(Collected data entries)
[Start of Attachment]

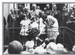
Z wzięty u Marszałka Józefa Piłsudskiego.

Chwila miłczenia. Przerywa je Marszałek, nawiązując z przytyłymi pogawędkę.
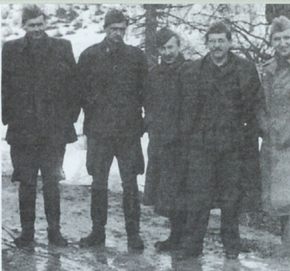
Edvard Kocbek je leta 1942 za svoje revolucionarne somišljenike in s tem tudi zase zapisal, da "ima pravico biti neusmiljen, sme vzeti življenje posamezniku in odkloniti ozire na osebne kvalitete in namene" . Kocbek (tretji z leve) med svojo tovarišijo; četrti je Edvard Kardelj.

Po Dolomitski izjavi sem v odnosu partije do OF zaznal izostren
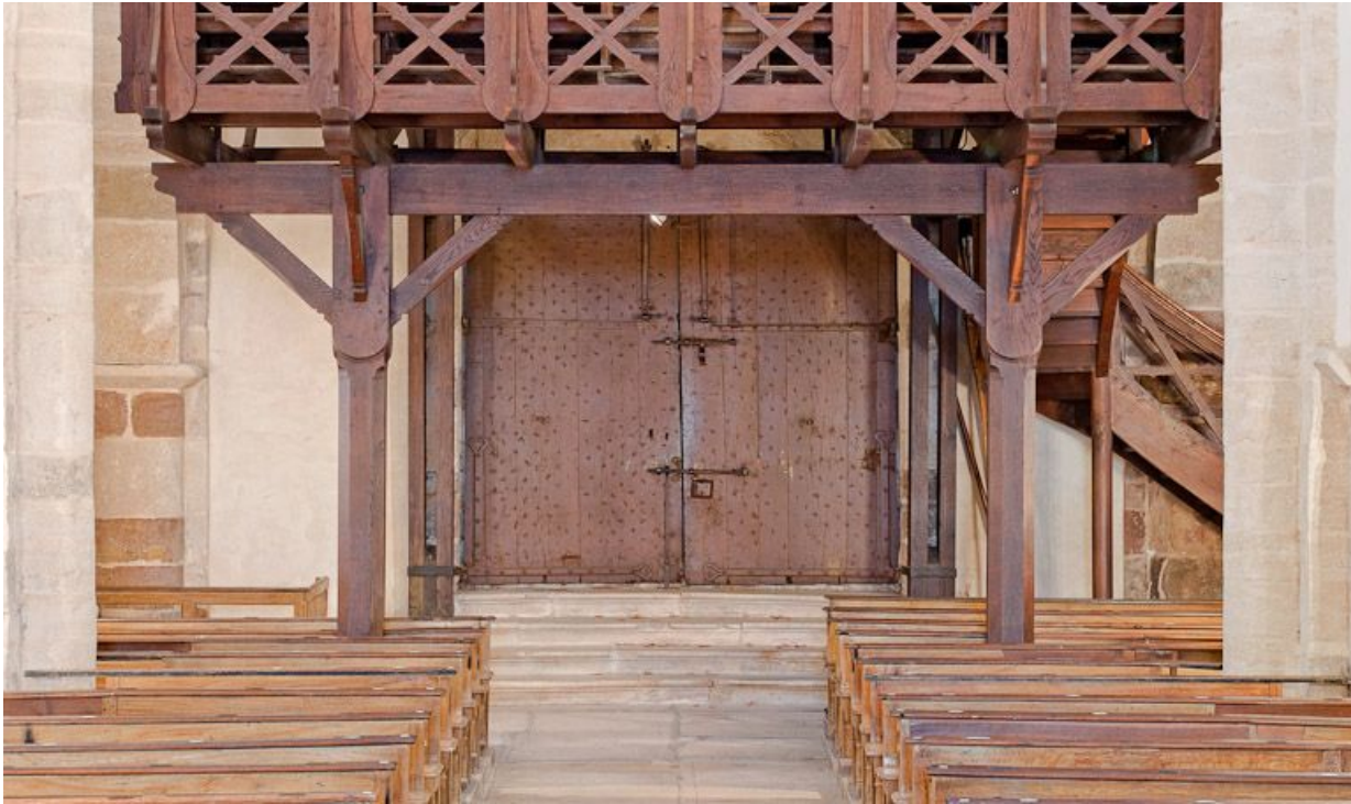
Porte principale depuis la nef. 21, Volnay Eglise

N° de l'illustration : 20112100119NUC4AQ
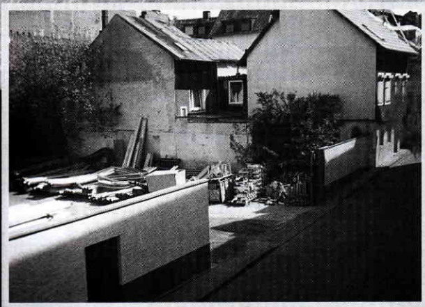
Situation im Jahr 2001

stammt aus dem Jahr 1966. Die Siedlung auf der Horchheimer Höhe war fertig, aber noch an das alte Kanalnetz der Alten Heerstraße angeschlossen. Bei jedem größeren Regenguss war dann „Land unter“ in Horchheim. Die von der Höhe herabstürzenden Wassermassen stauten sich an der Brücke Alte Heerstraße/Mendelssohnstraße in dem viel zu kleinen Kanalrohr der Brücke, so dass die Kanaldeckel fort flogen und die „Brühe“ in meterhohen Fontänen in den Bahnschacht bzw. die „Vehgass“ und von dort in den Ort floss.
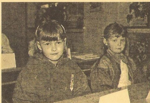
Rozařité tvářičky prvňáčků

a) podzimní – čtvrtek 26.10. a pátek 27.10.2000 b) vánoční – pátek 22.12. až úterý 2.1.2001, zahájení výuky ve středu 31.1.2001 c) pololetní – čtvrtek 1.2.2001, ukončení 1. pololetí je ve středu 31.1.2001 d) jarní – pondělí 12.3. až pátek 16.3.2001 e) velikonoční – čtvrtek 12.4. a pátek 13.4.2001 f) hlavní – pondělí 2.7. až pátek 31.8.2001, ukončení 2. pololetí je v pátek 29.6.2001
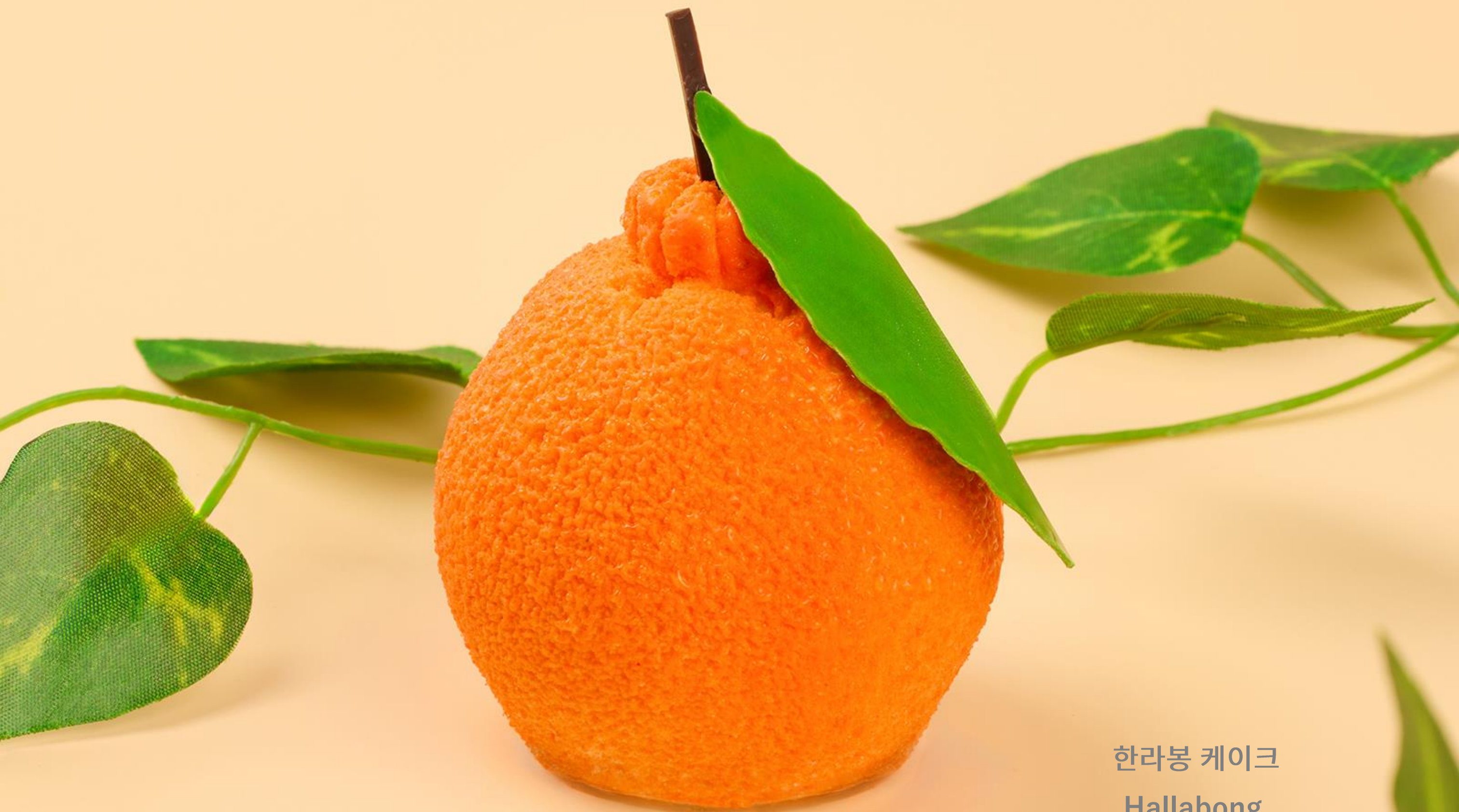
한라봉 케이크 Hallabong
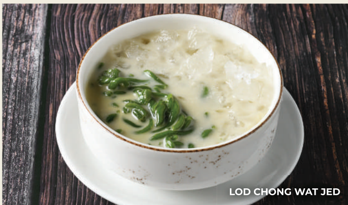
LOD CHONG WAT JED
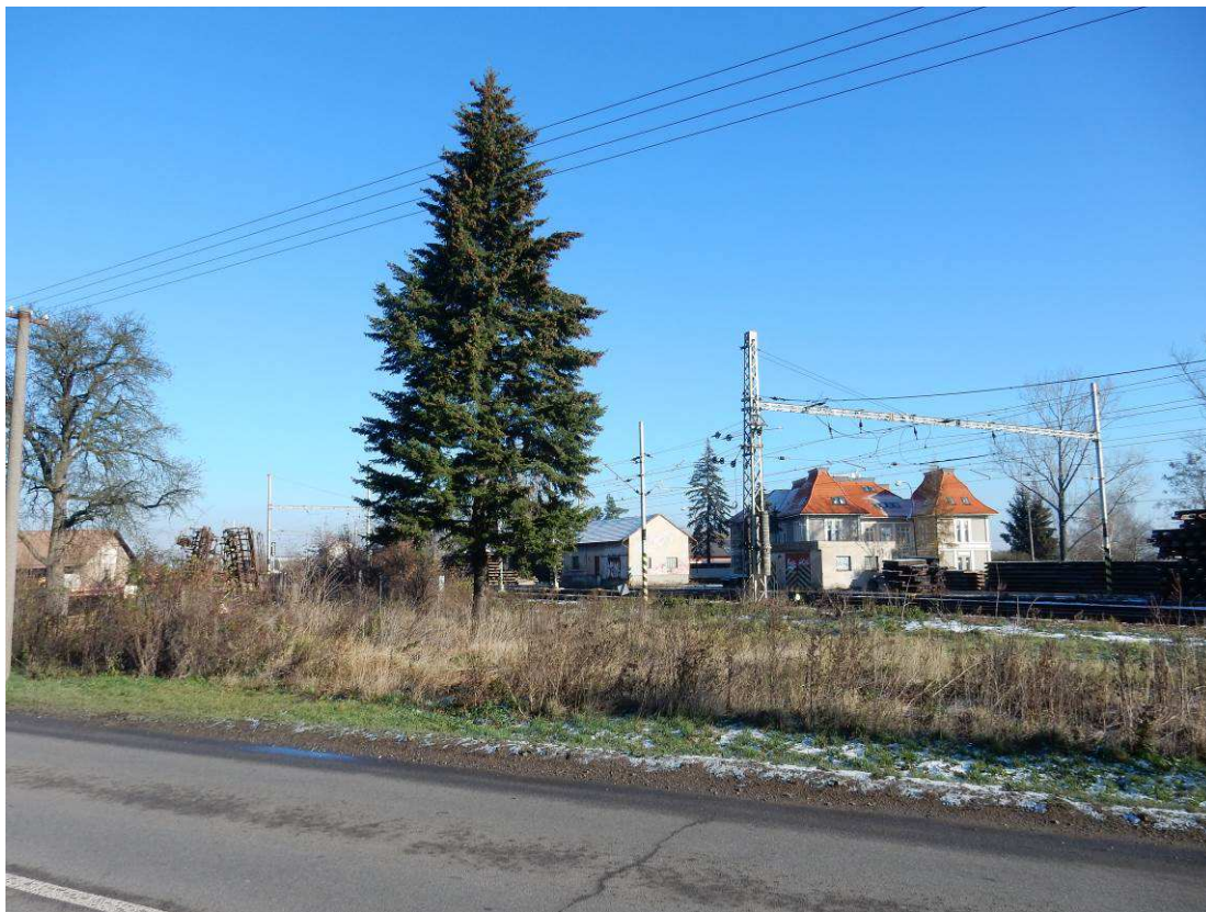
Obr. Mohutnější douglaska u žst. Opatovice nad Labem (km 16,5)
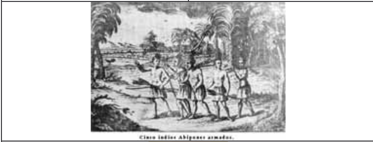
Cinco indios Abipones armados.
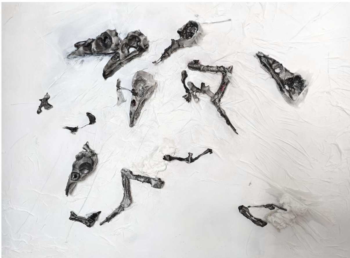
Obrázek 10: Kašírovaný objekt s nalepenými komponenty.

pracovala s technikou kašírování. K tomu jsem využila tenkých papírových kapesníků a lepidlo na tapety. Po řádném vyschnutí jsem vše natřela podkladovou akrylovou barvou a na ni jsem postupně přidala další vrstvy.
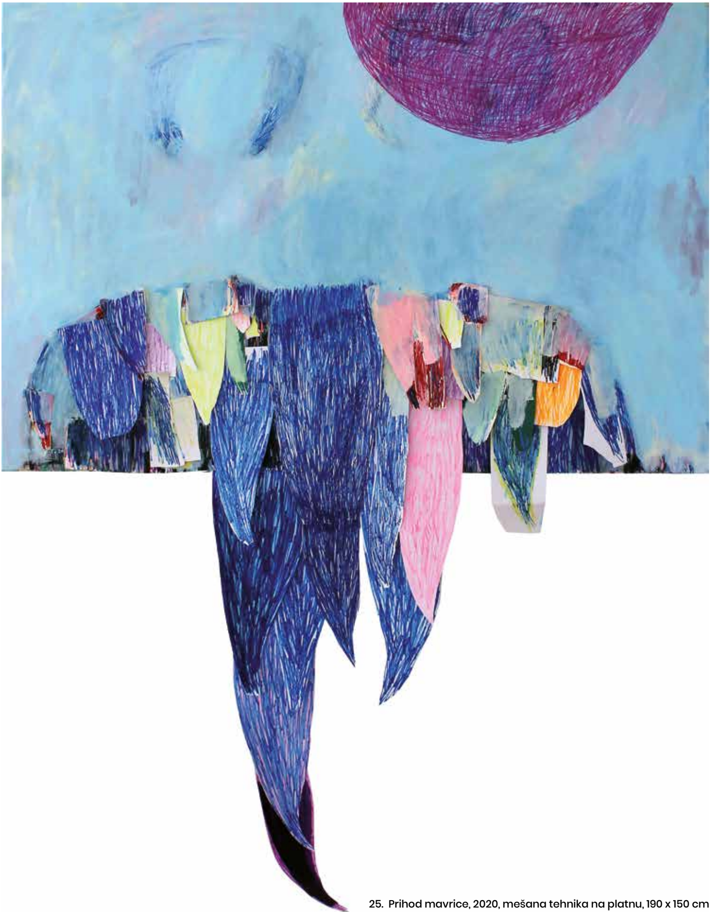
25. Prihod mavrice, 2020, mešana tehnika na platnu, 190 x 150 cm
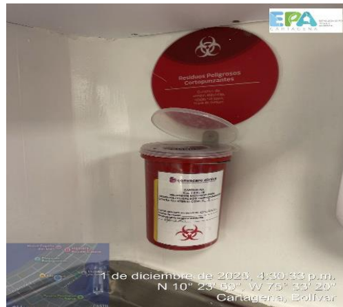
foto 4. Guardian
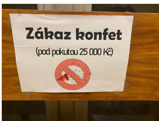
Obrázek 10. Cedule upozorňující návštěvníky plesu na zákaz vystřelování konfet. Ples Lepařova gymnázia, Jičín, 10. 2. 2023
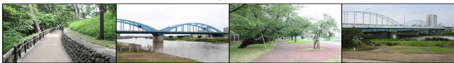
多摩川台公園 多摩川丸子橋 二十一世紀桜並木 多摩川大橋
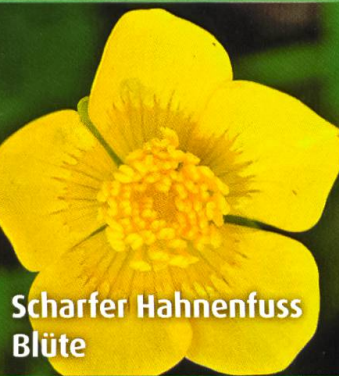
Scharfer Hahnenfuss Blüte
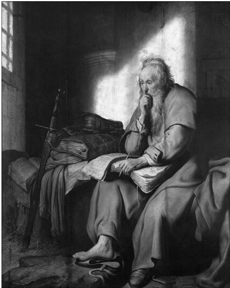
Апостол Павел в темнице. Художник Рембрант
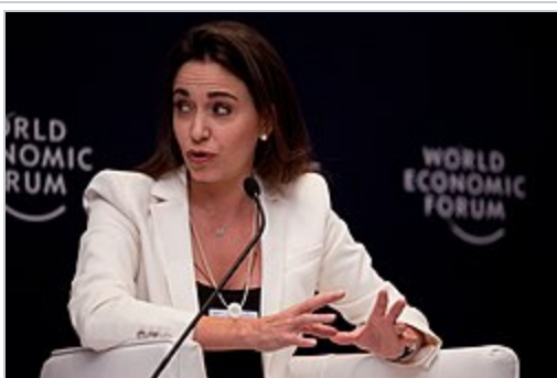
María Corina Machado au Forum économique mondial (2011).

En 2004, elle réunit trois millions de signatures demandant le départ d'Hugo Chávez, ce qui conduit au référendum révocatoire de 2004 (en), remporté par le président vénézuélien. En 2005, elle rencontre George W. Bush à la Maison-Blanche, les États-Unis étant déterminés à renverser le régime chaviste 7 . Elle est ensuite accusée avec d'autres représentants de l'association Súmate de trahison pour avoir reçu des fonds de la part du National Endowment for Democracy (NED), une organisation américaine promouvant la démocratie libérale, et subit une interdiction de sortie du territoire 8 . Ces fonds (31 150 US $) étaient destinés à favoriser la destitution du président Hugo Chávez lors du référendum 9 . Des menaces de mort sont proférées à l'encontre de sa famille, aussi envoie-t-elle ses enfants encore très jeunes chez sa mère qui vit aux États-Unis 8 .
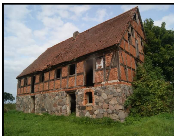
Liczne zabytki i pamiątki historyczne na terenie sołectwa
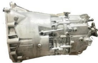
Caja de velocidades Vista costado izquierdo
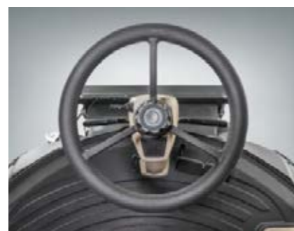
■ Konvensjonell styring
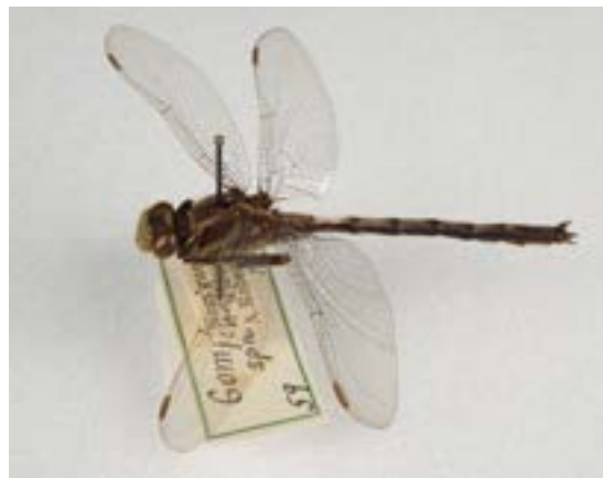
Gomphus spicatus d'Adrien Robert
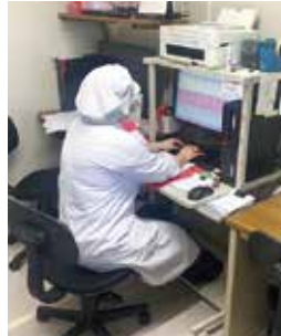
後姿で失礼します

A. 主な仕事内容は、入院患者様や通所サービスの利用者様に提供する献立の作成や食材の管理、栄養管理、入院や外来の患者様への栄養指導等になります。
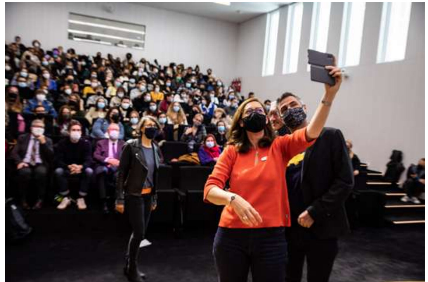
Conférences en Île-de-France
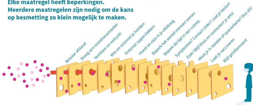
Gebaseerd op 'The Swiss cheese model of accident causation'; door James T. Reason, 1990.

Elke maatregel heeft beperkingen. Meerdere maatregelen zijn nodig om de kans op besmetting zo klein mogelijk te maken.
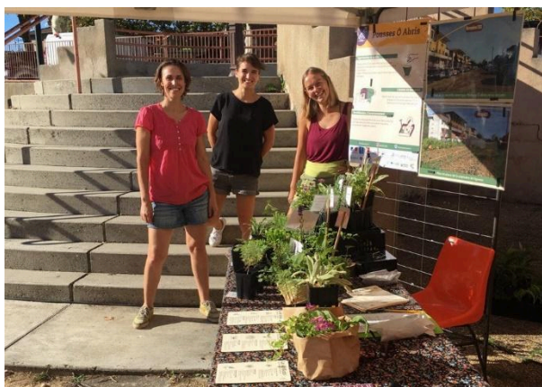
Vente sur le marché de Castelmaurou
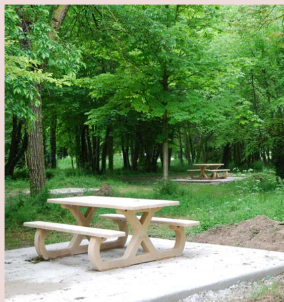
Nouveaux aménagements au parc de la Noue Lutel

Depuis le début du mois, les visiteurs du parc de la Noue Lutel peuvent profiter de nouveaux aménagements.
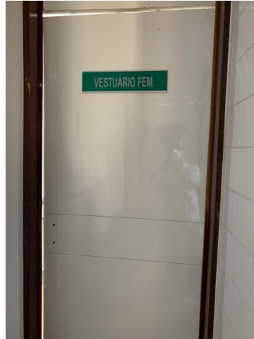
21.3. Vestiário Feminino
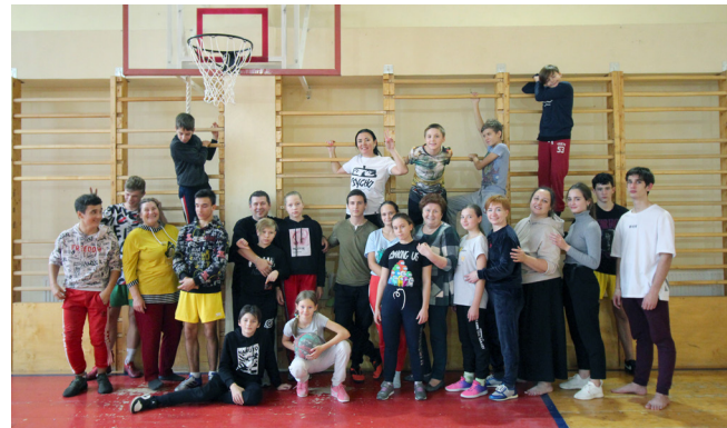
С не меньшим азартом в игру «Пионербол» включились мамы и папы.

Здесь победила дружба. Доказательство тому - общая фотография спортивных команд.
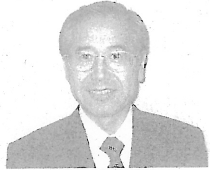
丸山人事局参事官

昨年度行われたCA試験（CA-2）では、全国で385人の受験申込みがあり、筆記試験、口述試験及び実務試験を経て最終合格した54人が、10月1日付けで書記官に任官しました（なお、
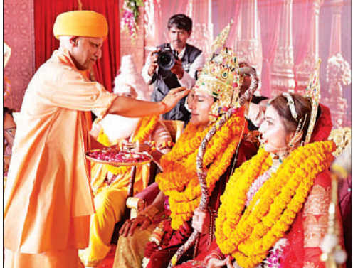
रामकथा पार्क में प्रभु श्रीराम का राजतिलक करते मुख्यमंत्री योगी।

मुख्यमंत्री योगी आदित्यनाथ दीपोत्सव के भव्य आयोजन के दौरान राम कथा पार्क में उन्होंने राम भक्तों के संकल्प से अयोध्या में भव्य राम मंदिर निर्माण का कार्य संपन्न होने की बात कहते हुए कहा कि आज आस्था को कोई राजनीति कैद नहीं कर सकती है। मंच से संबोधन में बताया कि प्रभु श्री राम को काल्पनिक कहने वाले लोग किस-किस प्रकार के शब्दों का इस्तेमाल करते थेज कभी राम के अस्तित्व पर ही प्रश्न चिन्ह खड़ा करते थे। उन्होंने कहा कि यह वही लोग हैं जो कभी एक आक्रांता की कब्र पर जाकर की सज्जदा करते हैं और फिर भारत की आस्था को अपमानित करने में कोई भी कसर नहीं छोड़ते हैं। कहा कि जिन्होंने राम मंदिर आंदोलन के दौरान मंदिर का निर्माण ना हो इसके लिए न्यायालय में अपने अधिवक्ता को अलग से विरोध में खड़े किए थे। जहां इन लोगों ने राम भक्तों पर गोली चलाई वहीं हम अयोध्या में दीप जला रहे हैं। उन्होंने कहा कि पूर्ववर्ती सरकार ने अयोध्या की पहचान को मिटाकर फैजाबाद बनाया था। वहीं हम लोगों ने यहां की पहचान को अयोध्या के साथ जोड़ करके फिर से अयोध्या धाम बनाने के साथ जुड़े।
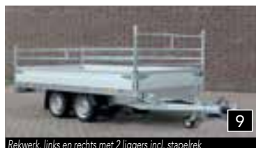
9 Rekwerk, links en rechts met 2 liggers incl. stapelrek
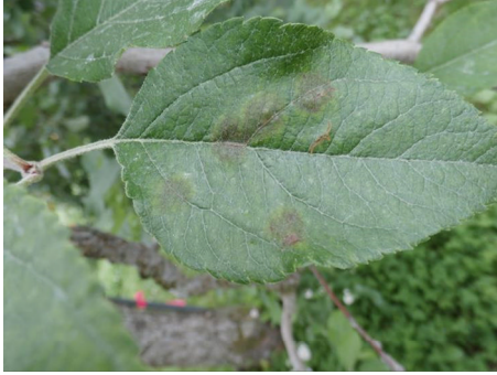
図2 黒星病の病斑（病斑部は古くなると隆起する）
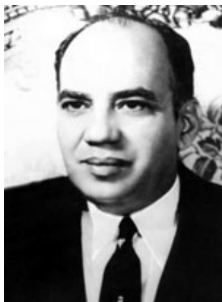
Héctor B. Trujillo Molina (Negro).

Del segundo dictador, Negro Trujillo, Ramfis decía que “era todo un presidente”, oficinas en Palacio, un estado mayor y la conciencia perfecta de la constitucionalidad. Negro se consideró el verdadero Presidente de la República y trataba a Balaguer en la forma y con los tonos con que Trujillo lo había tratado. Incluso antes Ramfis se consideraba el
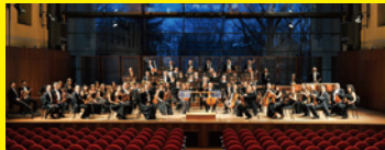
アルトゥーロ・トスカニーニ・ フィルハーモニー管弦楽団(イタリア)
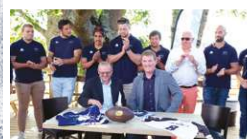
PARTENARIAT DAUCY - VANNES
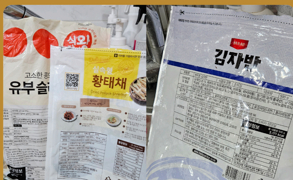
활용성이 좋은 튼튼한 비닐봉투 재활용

[End of Attachment]

AIM OF THE TASK —
Exact copy, pictures excluded: every line above from the one containing "María Corina Machado" to the one containing "С не меньшим", inclusive, and nothing more.

OUTPUT FOR THIS EXERCISE —
María Corina Machado au Forum économique mondial (2011).

En 2004, elle réunit trois millions de signatures demandant le départ d'Hugo Chávez, ce qui conduit au référendum révocatoire de 2004 (en), remporté par le président vénézuélien. En 2005, elle rencontre George W. Bush à la Maison-Blanche, les États-Unis étant déterminés à renverser le régime chaviste 7 . Elle est ensuite accusée avec d'autres représentants de l'association Súmate de trahison pour avoir reçu des fonds de la part du National Endowment for Democracy (NED), une organisation américaine promouvant la démocratie libérale, et subit une interdiction de sortie du territoire 8 . Ces fonds (31 150 US $) étaient destinés à favoriser la destitution du président Hugo Chávez lors du référendum 9 . Des menaces de mort sont proférées à l'encontre de sa famille, aussi envoie-t-elle ses enfants encore très jeunes chez sa mère qui vit aux États-Unis 8 .
Liczne zabytki i pamiątki historyczne na terenie sołectwa
Caja de velocidades Vista costado izquierdo
■ Konvensjonell styring
Gomphus spicatus d'Adrien Robert
後姿で失礼します

A. 主な仕事内容は、入院患者様や通所サービスの利用者様に提供する献立の作成や食材の管理、栄養管理、入院や外来の患者様への栄養指導等になります。
Conférences en Île-de-France
Gebaseerd op 'The Swiss cheese model of accident causation'; door James T. Reason, 1990.

Elke maatregel heeft beperkingen. Meerdere maatregelen zijn nodig om de kans op besmetting zo klein mogelijk te maken.
Vente sur le marché de Castelmaurou
Nouveaux aménagements au parc de la Noue Lutel

Depuis le début du mois, les visiteurs du parc de la Noue Lutel peuvent profiter de nouveaux aménagements.
21.3. Vestiário Feminino
С не меньшим азартом в игру «Пионербол» включились мамы и папы.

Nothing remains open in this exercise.